Thursday, October 31, 2019

Teachers Should Write Education Editorials

The NY Post gets you coming and going. A few weeks ago, they were saying that the notion of dropping Regents exams represented a total lack of standards, and that the whole state was going to turn into the Wild West. Everyone was going to pass no matter what. That was the only reason they could imagine for moving away from these tests.

Evidently, these tests ranked somewhere near the Ten Commandments, and were so perfectly formed that any criticism of them, let alone movement away from them, was absolutely out of the question. The Post showed no evidence they were actually familiar with the tests.

In our school, we have an election day PD by some company that’s visited us before. The first time they came, they showed us two essays. One was written by some spoiled young woman who complained her parents sent her to Europe. Evidently it was boring. Another was written by a young man who made burgers at a beachside stand that summer and milked the experience for all the humor that could be found in it.

There we were, challenged by highly paid PD preppers to discern between art and crap. It was my distinct feeling that anyone who didn’t recognize the crap for what it was, well, that person ought not to be teaching writing. I understand why the school is engaging them, though. A lot of students cannot write their way out of a paper bag, and many are native English speakers.

Actually, I place the blame for that on the English Regents exam, which we’re urged to prep kids for. The English Regents exam is Common Core based, and thus formulated on David Coleman’s brilliant theory that no one gives a crap what you think or feel. Since we teach students to write based on that foundation, it’s no surprise whatsoever that they produce writing no one wants to read. The truth is, no one gives a crap about writing that has no heart, passion or feeling.

I’ve actually been told that some of our highest-performing students have written college essays that were not particularly impressive. Someone who works at a college told me when she read good essays, she had no idea whether students wrote them themselves. When she read bad ones, she knew they were real.

Given all that, the Post now cries and moans that the NAEP exams are the gold standard, and by that standard de Blasio has made no progress whatsoever, and that this is "final proof."  Given the state standards are crap, something that’s utterly eluded the Post, I’m not surprised. I’m also not remotely persuaded this is de Blasio’s fault. After all, it’s the geniuses in Albany who write the tests, without which our students can’t graduate. Instead of teaching kids how to write, let alone how to appreciate reading, we’re forced to teach them to deal with crap that will serve only one purpose—helping them pass the crappy tests.

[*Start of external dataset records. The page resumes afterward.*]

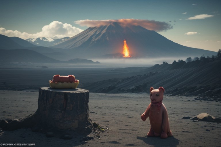 (((hotdog))), hotdogs, fire, (big text))), (((area 51))), ufo, mountain, volcano, apocalypse, fire, (beach background), 5555555555555555bse5y6tber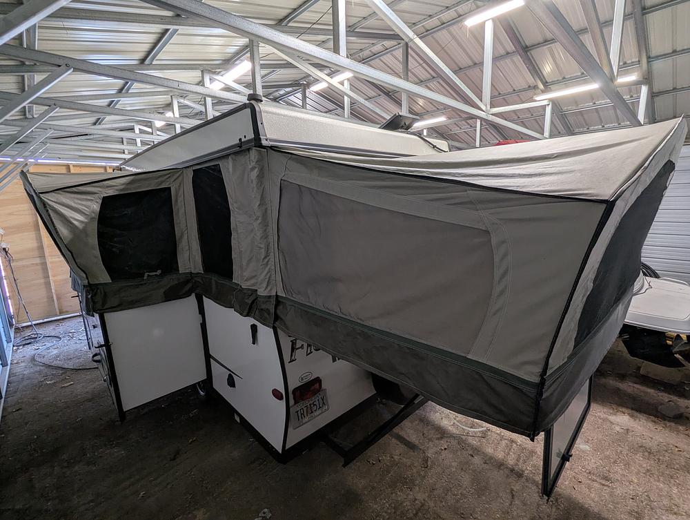 This Forest River Flagstaff High Wall camper is in excellent shape and was always stored in a garage. If the normal popup toilet/shower puts you off camping, the high wall is for you. The bathroom has real wood sides and has a true black water tank not a simple cassette design. There are some thoughtful upgrades that make camping more enjoyable including hanging baskets, an ac condensate drain hose to keep the water off the canvas, a remote ac 2-stage thermostat which keeps the temperature constant even on the hottest days and an ac soft-start allowing operation from a generator. Also included are Gekko slide out covers which make hot and cold weather camping very comfortable.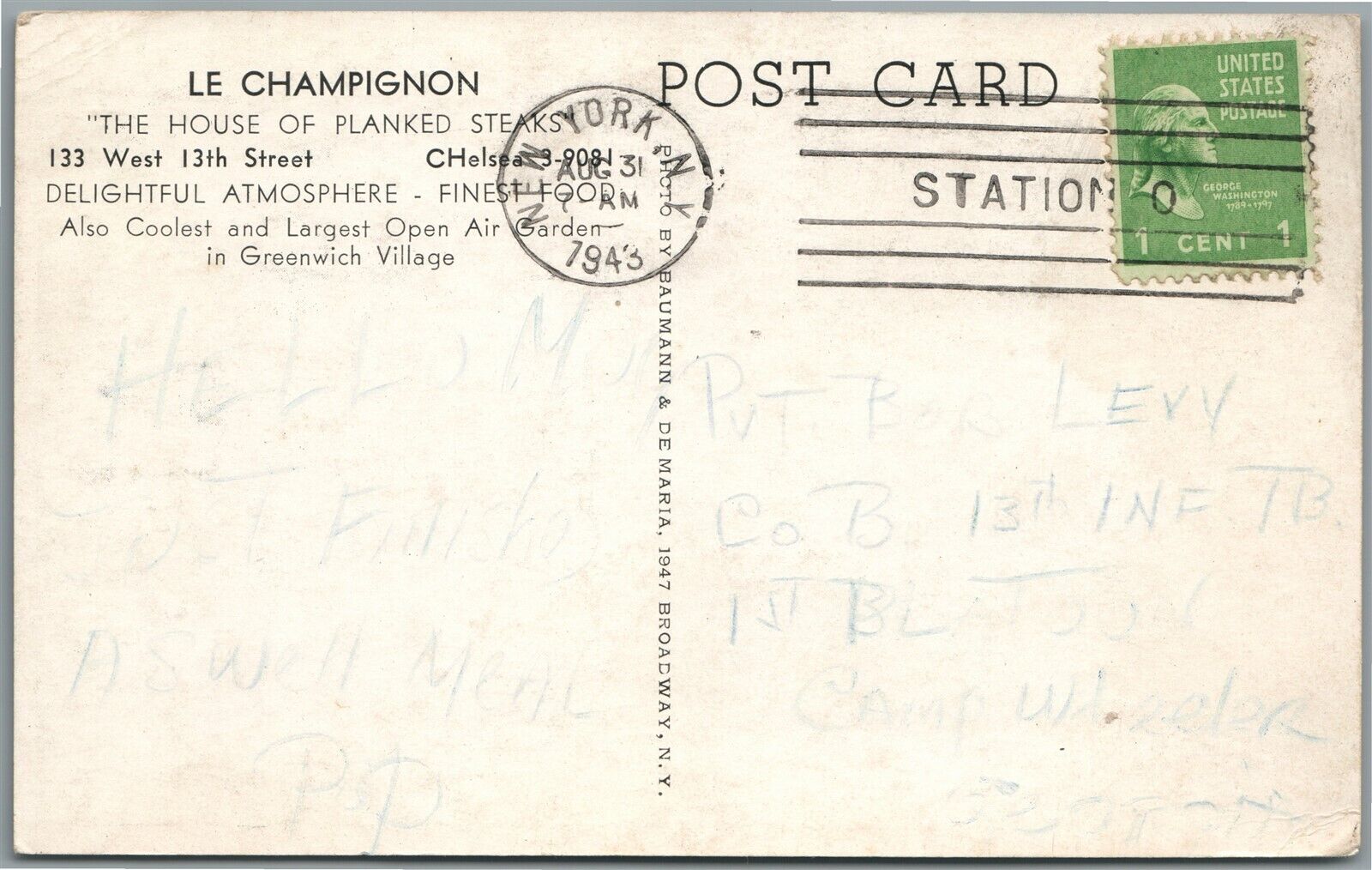 NEW YORK NY West 13th STR HOUSE of PLANKED STEAKS LE CHAMPIGNON ANTIQUE POSTCARD
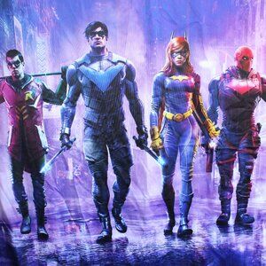 The Gotham Knights Fabric Promo Poster is a promotional signage for the video game series Gotham Knights, featuring characters such as Robin, Nightwing, Red Hood, and Batgirl. The poster is made of fabric and measures 7 feet by 4 feet. It is part of the Batman product line and was manufactured in 2022.

If Michael Bloomberg were mayor, the Post would be praising him to the heavens. He’d be a genius for raising state test scores. The NAEP would be ignored. The thing that really gets the Post’s goat is all that “social justice” stuff.

Perish forbid that students like those I serve should be treated with dignity as a matter of course. No, let’s go on our merry way as the geniuses in Albany cut direct English instruction. Doubtless the NY State Regents and the editors of the NY Post could go to China tomorrow and ace their standardized tests with no help whatsoever.

I’ve had it with reading education editorials and op-eds by people who not only haven’t got the remotest notion what they’re talking about, but then go the extra mile and say any gosh darn thing that will reinforce their obvious and blatant prejudices.